When he returned to Quebec, Demers, pursuing his interest in mathematics, enrolled in the surveying course given by Jeremiah McCarthy*. But in 1795 he abandoned mathematics and entered the Grand Séminaire de Québec. After a year and a half of theology he gave up his training for the priesthood and returned to live with his father, who immediately put him to work clearing the land. One week of this régime and he was back in the Petit Séminaire de Québec. In September 1796 he began teaching third-year classes there while continuing theological studies. In accordance with Jesuit tradition Demers followed his pupils into the higher classes. He was ordained priest on 24 Aug. 1798 and made a member of the seminary the next year. In the autumn of 1800 he became a teacher in the Philosophy program, which comprised two years of study, the first devoted to philosophy, the second to physics and mathematics. The same teacher taught philosophy one year and science the other.

Demers thus discovered his double vocation as priest and teacher. Indeed he was to spend his whole life at the Séminaire de Québec, returning only once to Saint-Nicolas, on the occasion of his father’s death. During the 53 years he devoted to education he taught grammar and the humanities from 1796 to 1800, philosophy and science from 1800 to 1835, philosophy from 1835 to 1842, and theology from 1842 to 1849. Moreover, he performed all the duties related to managing the institution. He was a directing member of the community for 49 years and of the Petit Séminaire for 7; a director of the Grand Séminaire for 1 year, he served as procurator for 9 and superior for 18. His final term as superior ended in 1842.

Virtually nothing is known about how Demers conducted his grammar and humanities classes.

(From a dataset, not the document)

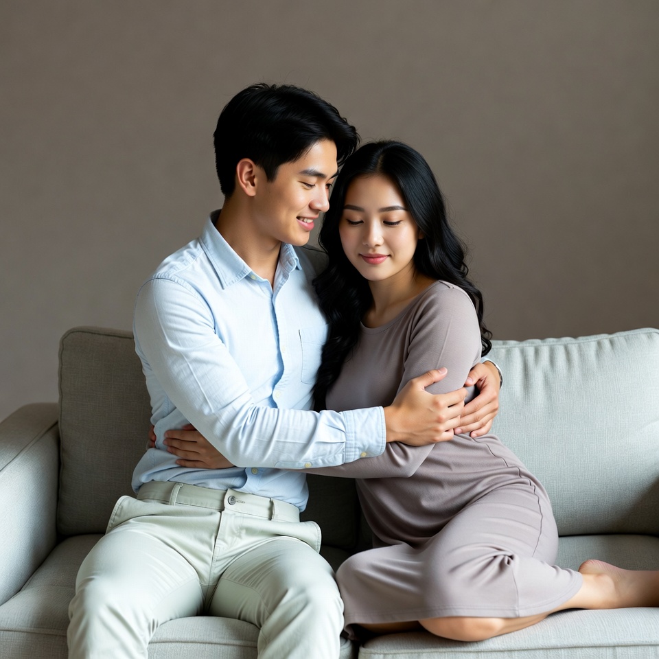 Asian man, Asian woman, bare feet, beige pants, black hair, blue shirt, couple, embrace, gray sofa, hugging, indoor, long hair, loving embrace, man, mauve dress, seated couple, short hair, smiling, sofa, woman, young man, young woman, Asian couple

His career can be followed, however, from the time he became a teacher of philosophy, thanks to the testimony of his former pupils and the direct evidence of the course notes he left. It was not yet common pedagogical practice to use printed textbooks. Ever since the Renaissance, teachers had written out their own courses and either dictated them or had students copy them. Thus it was not, as invariably alleged, the scarcity of books after the conquest that prompted college teachers to write out their courses, but an age-old custom brought over by the Jesuits. At Quebec, teachers drafted their courses, explained them in class, and gave them to their students, who copied them into exercise books. Rhetoric, philosophy, and science lent themselves to this type of teaching. Philosophy, like rhetoric, was given in Latin, with the course notes being written in that language. After 1830 French textbooks replaced notes in Latin, except for philosophy, a subject for which the majority of classical colleges continued to use Latin textbooks until after 1950.

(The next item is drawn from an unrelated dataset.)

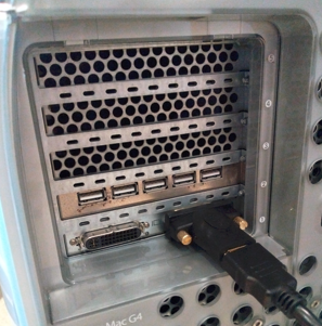 この power mac G4 は通称 ”グラファイト” と呼ばれる第1世代の G4 のようです。その為、モニターの接続端子も古いタイプで、システムを組むのに少し手間がかかりますが、まだまだ現役で使えそうです。じつは、後期型の

Demers taught philosophy in this manner for 29 years during the period from 1800 to 1842, his duties as procurator and superior sometimes obliging him to find a replacement. At that time there were four divisions in philosophy: logic, metaphysics, ethics, and physics (the philosophy course itself dealt with the first three). Demers committed this course to paper in 1802, 1808, and 1818. He published the last version in 1835 with numerous additions, and this in fact constituted the first philosophy textbook produced in French Canada. In the prospectus Demers justified its printing on the grounds that pupils wasted too much time copying the teacher’s notes and that French texts were too costly and “gave little or no explanation on certain topics of which young Canadians would find it extremely useful to have some knowledge, in view of their moral and religious environment.” His intention was not to produce a catalogue of the errors of the human mind but to present a clear, precise, and methodical manual calculated to recall the principles and laws of sound reason, and the nature and duties of man as a thinking, moral being. He was prompted not only by a practical need, but also by the necessity to provide young people with a sure guide through the debates taking place in these years of intellectual and political ferment.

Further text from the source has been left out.